ASSIGNMENT:
Using the listing below, copy exactly each line from the one that has "When two most" through the one that has "ブロックを用いて、一のくらい"; omit the pictures.

AVAILABLE RECORDS:

== Segment start ==

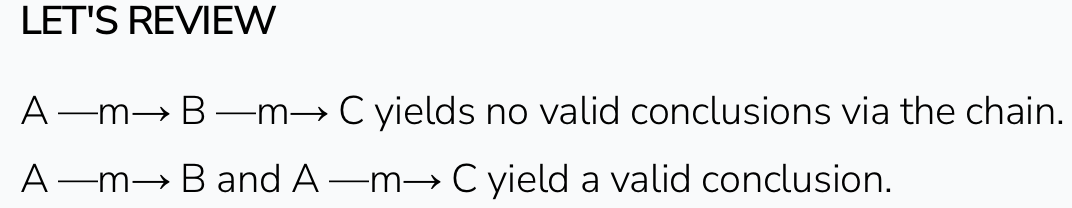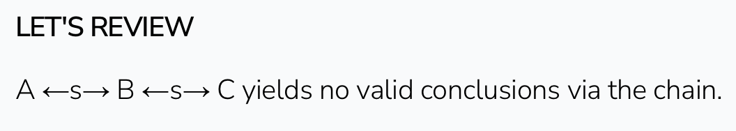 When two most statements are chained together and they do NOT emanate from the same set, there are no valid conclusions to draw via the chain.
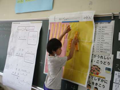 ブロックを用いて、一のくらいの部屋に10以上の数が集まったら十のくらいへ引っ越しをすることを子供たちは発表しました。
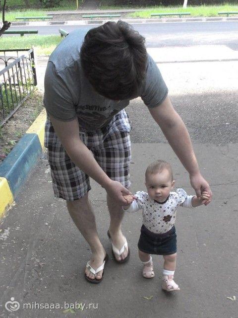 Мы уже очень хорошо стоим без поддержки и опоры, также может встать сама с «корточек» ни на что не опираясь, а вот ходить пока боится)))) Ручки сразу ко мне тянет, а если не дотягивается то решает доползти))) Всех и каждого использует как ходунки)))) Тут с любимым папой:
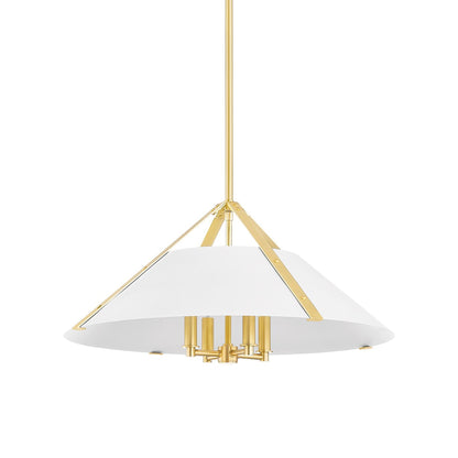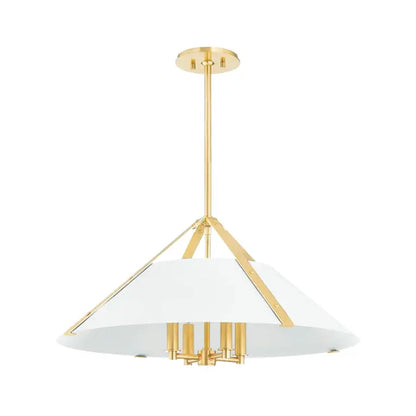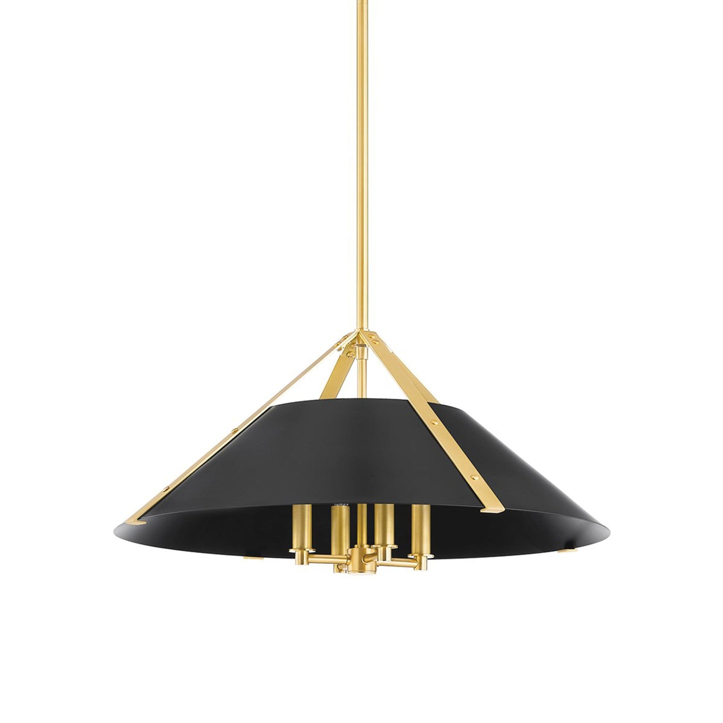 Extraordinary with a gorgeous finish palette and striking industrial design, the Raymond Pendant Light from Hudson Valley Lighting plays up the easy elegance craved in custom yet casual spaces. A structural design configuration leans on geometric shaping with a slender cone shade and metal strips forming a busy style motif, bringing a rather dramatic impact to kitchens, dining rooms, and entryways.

== Segment end ==
== Segment start ==

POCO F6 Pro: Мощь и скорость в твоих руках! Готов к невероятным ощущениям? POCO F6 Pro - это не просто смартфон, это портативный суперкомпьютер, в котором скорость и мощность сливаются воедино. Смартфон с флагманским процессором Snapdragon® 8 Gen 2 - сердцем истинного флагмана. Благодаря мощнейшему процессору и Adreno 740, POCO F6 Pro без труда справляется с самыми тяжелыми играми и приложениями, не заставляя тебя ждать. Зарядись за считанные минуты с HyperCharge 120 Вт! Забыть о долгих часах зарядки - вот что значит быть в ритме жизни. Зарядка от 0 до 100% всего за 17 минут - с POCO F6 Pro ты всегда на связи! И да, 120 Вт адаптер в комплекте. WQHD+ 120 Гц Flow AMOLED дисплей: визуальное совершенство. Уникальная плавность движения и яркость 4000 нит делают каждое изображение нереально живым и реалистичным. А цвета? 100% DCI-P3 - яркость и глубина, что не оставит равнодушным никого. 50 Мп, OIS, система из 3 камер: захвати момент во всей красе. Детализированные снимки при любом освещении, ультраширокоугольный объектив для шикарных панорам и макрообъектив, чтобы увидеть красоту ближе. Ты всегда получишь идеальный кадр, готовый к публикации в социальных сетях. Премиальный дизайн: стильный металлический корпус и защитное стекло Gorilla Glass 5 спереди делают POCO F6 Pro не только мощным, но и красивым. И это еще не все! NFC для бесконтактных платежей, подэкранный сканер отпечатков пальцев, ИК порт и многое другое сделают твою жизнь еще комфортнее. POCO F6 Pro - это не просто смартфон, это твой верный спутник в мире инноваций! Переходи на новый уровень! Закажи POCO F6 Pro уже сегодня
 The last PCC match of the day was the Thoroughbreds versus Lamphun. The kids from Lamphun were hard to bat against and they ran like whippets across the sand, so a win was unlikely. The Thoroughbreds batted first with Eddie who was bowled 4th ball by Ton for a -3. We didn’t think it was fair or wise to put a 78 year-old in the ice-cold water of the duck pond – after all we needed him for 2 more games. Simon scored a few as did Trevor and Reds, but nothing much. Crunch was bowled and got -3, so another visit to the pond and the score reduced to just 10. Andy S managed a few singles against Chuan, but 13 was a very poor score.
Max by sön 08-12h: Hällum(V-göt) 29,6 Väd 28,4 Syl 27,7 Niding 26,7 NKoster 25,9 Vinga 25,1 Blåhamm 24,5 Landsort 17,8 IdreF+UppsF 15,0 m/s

== Segment end ==
== Segment start ==

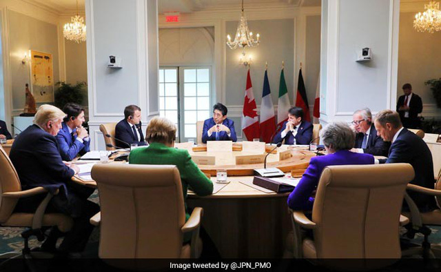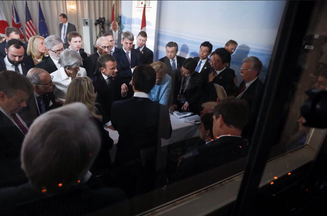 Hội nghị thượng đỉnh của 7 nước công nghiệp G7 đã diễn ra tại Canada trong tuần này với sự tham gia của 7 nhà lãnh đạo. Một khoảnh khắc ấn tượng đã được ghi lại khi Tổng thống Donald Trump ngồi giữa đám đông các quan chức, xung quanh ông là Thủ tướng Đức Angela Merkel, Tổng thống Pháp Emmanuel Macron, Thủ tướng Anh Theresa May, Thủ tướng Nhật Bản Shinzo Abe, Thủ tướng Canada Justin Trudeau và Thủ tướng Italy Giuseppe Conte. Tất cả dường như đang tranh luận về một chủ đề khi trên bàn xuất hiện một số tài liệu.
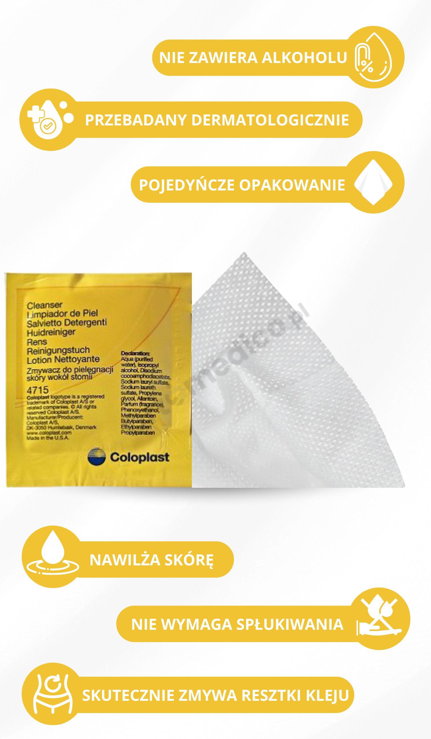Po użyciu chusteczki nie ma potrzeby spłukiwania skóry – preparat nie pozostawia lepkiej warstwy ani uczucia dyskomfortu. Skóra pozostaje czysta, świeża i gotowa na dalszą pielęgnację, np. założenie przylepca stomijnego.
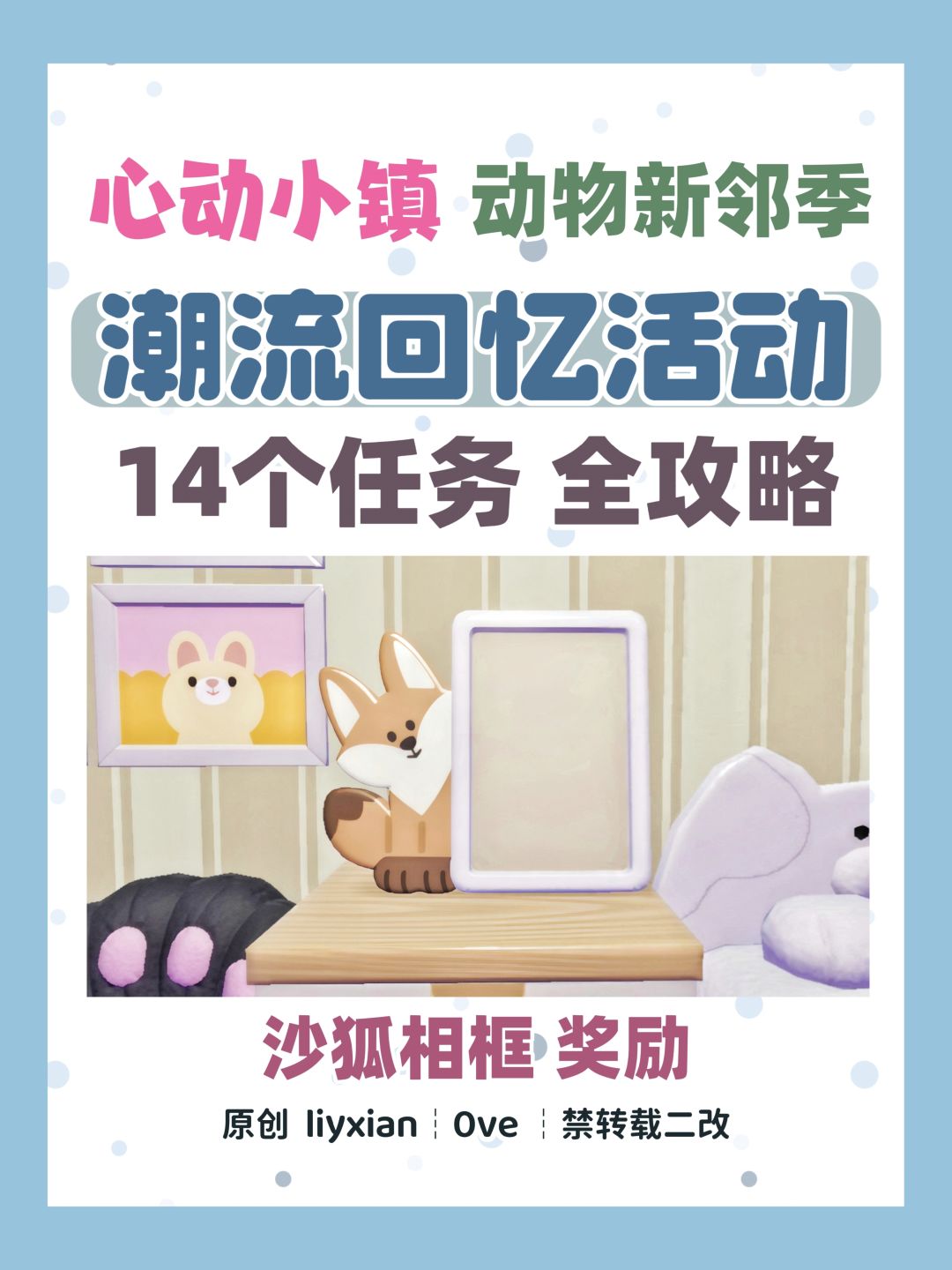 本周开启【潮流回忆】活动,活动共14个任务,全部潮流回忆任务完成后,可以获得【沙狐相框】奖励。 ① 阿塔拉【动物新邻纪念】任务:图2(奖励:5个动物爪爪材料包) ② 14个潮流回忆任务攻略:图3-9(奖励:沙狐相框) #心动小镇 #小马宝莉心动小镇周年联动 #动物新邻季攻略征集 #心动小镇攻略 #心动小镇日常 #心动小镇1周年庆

== Segment end ==

EXERCISE SOLUTION:
 When two most statements are chained together and they do NOT emanate from the same set, there are no valid conclusions to draw via the chain.
 ブロックを用いて、一のくらいの部屋に10以上の数が集まったら十のくらいへ引っ越しをすることを子供たちは発表しました。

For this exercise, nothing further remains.